▶ _Exercise prompt_
Without leaving anything out, print every line of the data.

----

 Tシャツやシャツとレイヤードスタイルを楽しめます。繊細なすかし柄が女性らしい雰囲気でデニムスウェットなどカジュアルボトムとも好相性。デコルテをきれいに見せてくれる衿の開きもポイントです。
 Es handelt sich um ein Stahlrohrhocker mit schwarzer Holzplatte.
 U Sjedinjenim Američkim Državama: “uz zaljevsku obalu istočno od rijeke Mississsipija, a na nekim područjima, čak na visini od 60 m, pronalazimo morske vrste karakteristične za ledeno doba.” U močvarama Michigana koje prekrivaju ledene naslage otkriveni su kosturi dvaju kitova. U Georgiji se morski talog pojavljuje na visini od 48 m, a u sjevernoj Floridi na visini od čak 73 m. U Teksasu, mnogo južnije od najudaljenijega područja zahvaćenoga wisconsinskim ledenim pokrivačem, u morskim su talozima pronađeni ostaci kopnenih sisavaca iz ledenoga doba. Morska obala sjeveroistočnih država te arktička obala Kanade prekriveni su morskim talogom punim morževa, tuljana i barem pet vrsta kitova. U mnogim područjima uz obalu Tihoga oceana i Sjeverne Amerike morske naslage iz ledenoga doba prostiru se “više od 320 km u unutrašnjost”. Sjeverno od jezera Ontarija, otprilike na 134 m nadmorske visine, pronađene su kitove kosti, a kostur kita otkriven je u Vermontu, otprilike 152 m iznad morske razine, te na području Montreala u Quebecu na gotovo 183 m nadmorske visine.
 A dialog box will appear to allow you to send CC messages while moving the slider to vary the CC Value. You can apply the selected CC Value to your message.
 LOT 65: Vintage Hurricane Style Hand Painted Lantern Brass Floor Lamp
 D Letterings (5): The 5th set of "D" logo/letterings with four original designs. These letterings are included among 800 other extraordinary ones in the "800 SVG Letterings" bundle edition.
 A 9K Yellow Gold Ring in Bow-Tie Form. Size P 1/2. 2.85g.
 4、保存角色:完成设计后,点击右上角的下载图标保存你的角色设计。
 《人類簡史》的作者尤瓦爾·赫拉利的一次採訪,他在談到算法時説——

----

▶ _Completed exercise_
 Tシャツやシャツとレイヤードスタイルを楽しめます。繊細なすかし柄が女性らしい雰囲気でデニムスウェットなどカジュアルボトムとも好相性。デコルテをきれいに見せてくれる衿の開きもポイントです。
 Es handelt sich um ein Stahlrohrhocker mit schwarzer Holzplatte.
 U Sjedinjenim Američkim Državama: “uz zaljevsku obalu istočno od rijeke Mississsipija, a na nekim područjima, čak na visini od 60 m, pronalazimo morske vrste karakteristične za ledeno doba.” U močvarama Michigana koje prekrivaju ledene naslage otkriveni su kosturi dvaju kitova. U Georgiji se morski talog pojavljuje na visini od 48 m, a u sjevernoj Floridi na visini od čak 73 m. U Teksasu, mnogo južnije od najudaljenijega područja zahvaćenoga wisconsinskim ledenim pokrivačem, u morskim su talozima pronađeni ostaci kopnenih sisavaca iz ledenoga doba. Morska obala sjeveroistočnih država te arktička obala Kanade prekriveni su morskim talogom punim morževa, tuljana i barem pet vrsta kitova. U mnogim područjima uz obalu Tihoga oceana i Sjeverne Amerike morske naslage iz ledenoga doba prostiru se “više od 320 km u unutrašnjost”. Sjeverno od jezera Ontarija, otprilike na 134 m nadmorske visine, pronađene su kitove kosti, a kostur kita otkriven je u Vermontu, otprilike 152 m iznad morske razine, te na području Montreala u Quebecu na gotovo 183 m nadmorske visine.
 A dialog box will appear to allow you to send CC messages while moving the slider to vary the CC Value. You can apply the selected CC Value to your message.
 LOT 65: Vintage Hurricane Style Hand Painted Lantern Brass Floor Lamp
 D Letterings (5): The 5th set of "D" logo/letterings with four original designs. These letterings are included among 800 other extraordinary ones in the "800 SVG Letterings" bundle edition.
 A 9K Yellow Gold Ring in Bow-Tie Form. Size P 1/2. 2.85g.
 4、保存角色:完成设计后,点击右上角的下载图标保存你的角色设计。
 《人類簡史》的作者尤瓦爾·赫拉利的一次採訪,他在談到算法時説——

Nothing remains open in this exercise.